Though for commercial use... I just want to know it when someone uses my project to get money.
Why do you care?
I'm not a lawyer and this is not legal advice, but you may wish to consider the following:
Don't take this as being mean, but in nearly every case it's better to choose an existing license. See https://en.wikipedia.org/wiki/License_proliferation.

However, in a specialized thing, like this, it could be okay. In this case, however, it looks GPL incompatible. If it isn't, it's useless.

Explanation:
If this license requires derivative projects to keep it, it is GPL incompatible.
If it doesn't, one can make a derivative project under the GPL instead of this license, and make a commercial derivative, something that's explicitly allowed under the GPL. (And then, I think they'd not have to tell you.)

I'm not a lawyer and this is not legal advice, so take ^^^^^ with a grain of salt.
MateoConLechuga wrote:
Why do you care?


I am too lazy to actually make my own post so instead I quote people and then don't say anything new
_iPhoenix_ wrote:
MateoConLechuga wrote:
Why do you care?


I am too lazy to actually make my own post so instead I quote people and then don't say anything new


I would like to point out that you did say something new Very Happy (something Mateo didn't say)
Quote:
2. When using this software for commercial purposes, Privacy_Dragon has to be noticed of this.

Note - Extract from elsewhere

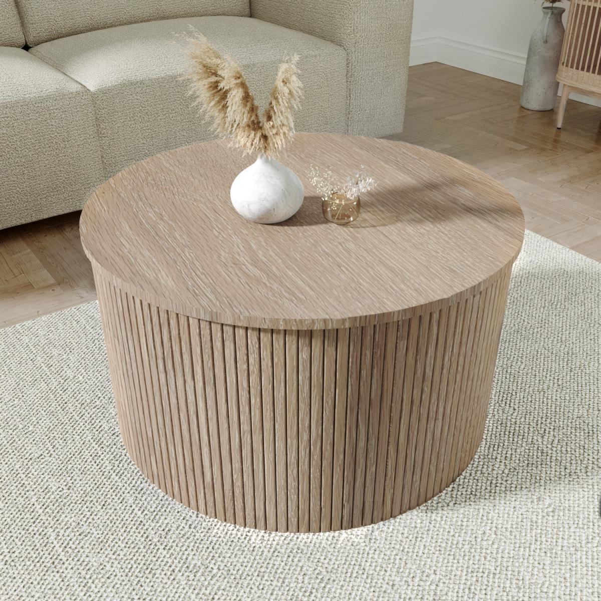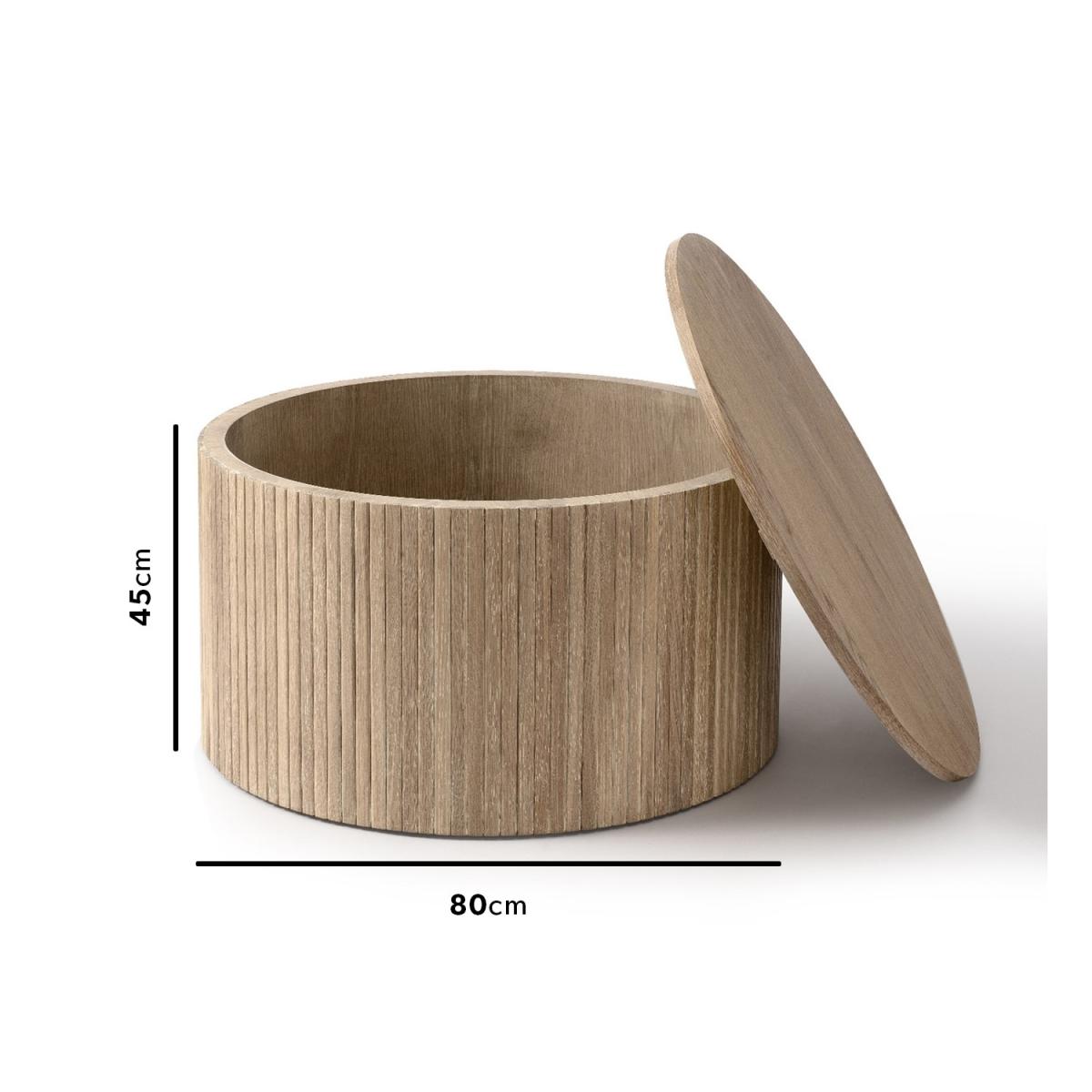 Features we love Solid oak coffee table with internal storage Stylish ribbed detailing covers the base Generous storage compartment is neatly concealed. Modern design suits any living room Discover the matching items in the Jarel range. All about me. Looking to upgrade your storage but not wanting to compromise on style? Then look no further than this solid oak coffee table with a stylish ribbed base. The large internal storage compartment is big enough to store your living room essentials in and with the added bonus of adjustable feet it’s perfect for keeping things level. With no assembly required simply place the lid on top and you’re ready to go. Need to know. Dimensions. H45 x W80 x D80 cm Internal storage dimensions. H40 x W71.8 x 71.8 cm Material. Light oak veneer and solid oak Finish. Lacquered Assembly required. No

Not to be the debbie downer here, but what is the point of this? In what way will some entity using your software affect you? Clauses like this only serve benefit, IMO, if you're selling your software. If you're releasing it as freeware, who cares who else uses it and for what?

Quote:
3. It is not allowed to imply that Privacy_Dragon agrees with your use of the software without prior written permission.

Many of the open source licenses imply this.

I'm no lawyer, but imo it's generally bad practice to go applying arbitrary license clauses to software when those clauses really don't matter for the particular use case, like the "commercial purposes" bit.
People don't like licenses that are more controlling than they have to be. Not to mention, we're a community of freeware devs (mostly). Anyone who is going to use your software is likely going to use it non-commercially, and relicense it GPL. So just use GPL to start.

^ Not a lawyer, again, but this is my personal opinion.
There are already dozens of OSI-approved software licenses... are you sure none of the existing ones fits your purposes ?

Restrictions on commercial usage yield instant incompatibility with multiple important licenses, so you can't mix with potentially interesting external components at will.
LGPL is always a nice middle ground to consider.
Hmm. Ok.
You all convinced me to not use my own made-up license.
But I don't like the GPL, it is so long...
I will for now then just use the BSD 3-clause. I actually based my own on the BSD and MIT.